**What is being asked:**
Set down, word for word, each line from the top of the data through the line that has "Pentru început, fierbem"; omit every picture.

**Dataset content:**
—————

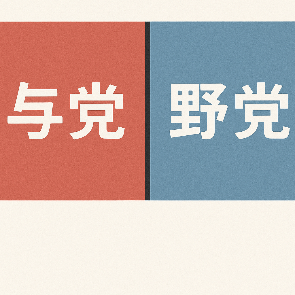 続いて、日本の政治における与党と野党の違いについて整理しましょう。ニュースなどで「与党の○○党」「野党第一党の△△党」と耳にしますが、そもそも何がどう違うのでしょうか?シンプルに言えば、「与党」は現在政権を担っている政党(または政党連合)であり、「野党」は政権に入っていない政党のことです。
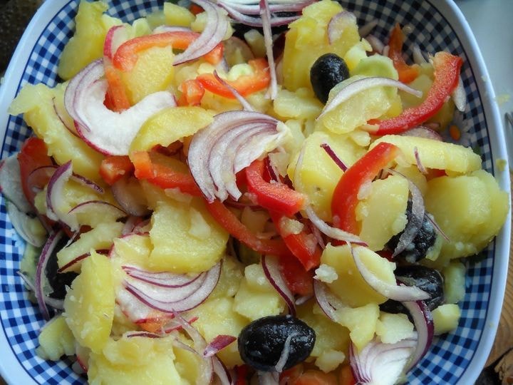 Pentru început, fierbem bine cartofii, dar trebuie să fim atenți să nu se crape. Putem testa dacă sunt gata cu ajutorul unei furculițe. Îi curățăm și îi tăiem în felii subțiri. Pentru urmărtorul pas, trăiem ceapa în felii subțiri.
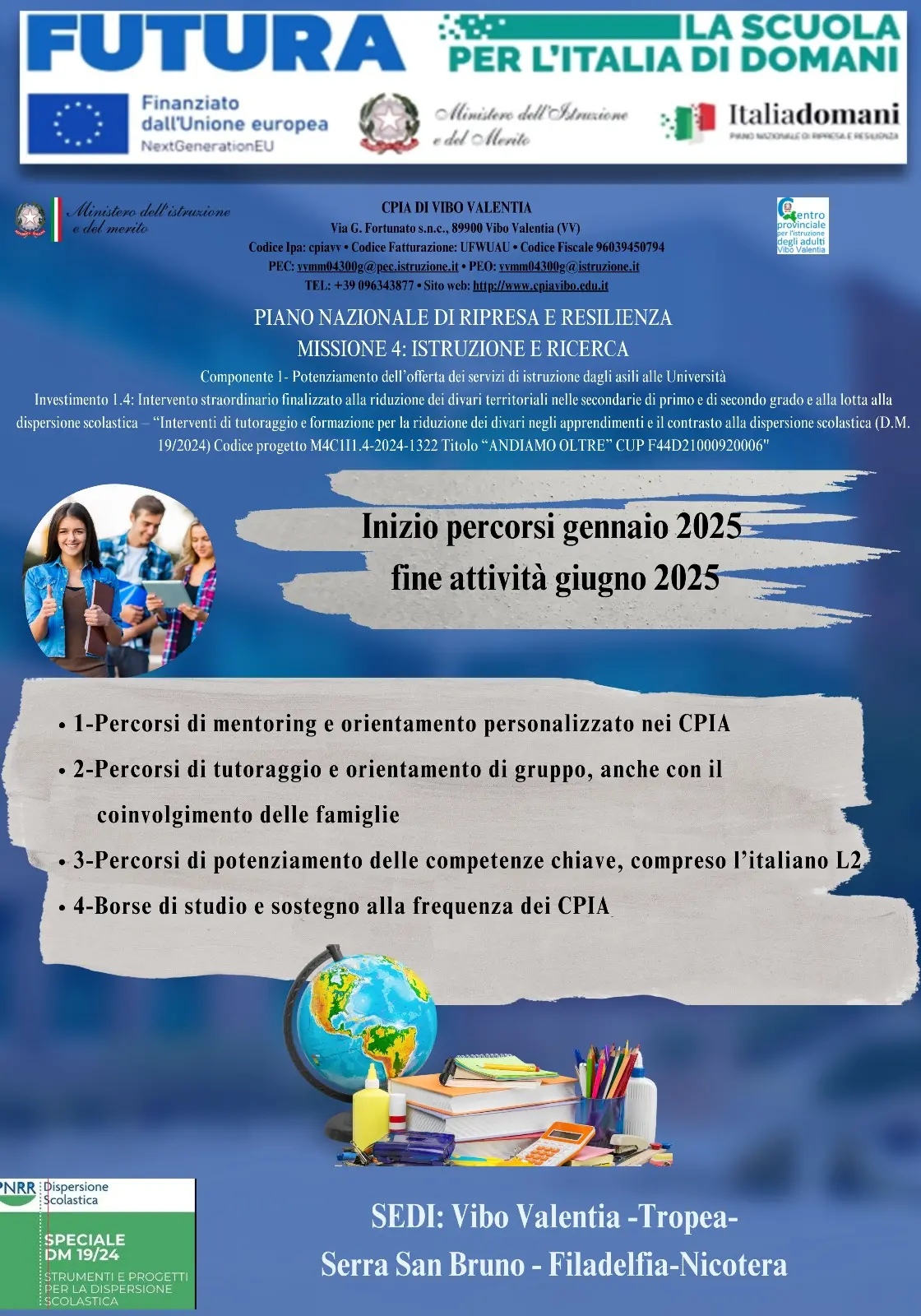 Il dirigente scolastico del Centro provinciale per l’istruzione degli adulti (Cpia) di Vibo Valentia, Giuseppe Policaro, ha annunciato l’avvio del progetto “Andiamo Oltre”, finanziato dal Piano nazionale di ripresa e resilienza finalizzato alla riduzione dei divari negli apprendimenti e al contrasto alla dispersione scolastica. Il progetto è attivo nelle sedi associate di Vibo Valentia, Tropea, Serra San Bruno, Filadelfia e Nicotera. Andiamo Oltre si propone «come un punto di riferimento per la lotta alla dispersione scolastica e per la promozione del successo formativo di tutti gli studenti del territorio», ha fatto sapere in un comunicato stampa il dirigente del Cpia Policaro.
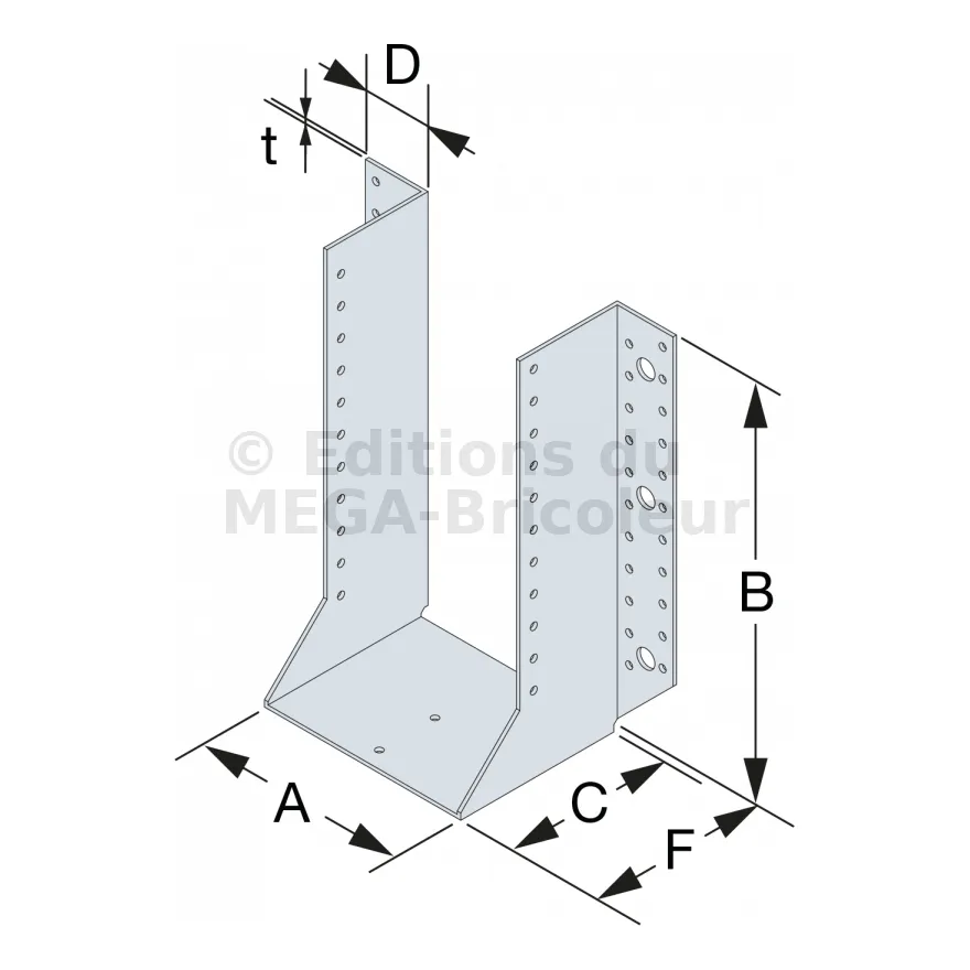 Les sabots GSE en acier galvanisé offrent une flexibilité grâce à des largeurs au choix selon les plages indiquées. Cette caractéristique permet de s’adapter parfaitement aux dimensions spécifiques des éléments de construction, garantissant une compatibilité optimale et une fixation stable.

—————

**Result of the exercise:**
 続いて、日本の政治における与党と野党の違いについて整理しましょう。ニュースなどで「与党の○○党」「野党第一党の△△党」と耳にしますが、そもそも何がどう違うのでしょうか?シンプルに言えば、「与党」は現在政権を担っている政党(または政党連合)であり、「野党」は政権に入っていない政党のことです。
 Pentru început, fierbem bine cartofii, dar trebuie să fim atenți să nu se crape. Putem testa dacă sunt gata cu ajutorul unei furculițe. Îi curățăm și îi tăiem în felii subțiri. Pentru urmărtorul pas, trăiem ceapa în felii subțiri.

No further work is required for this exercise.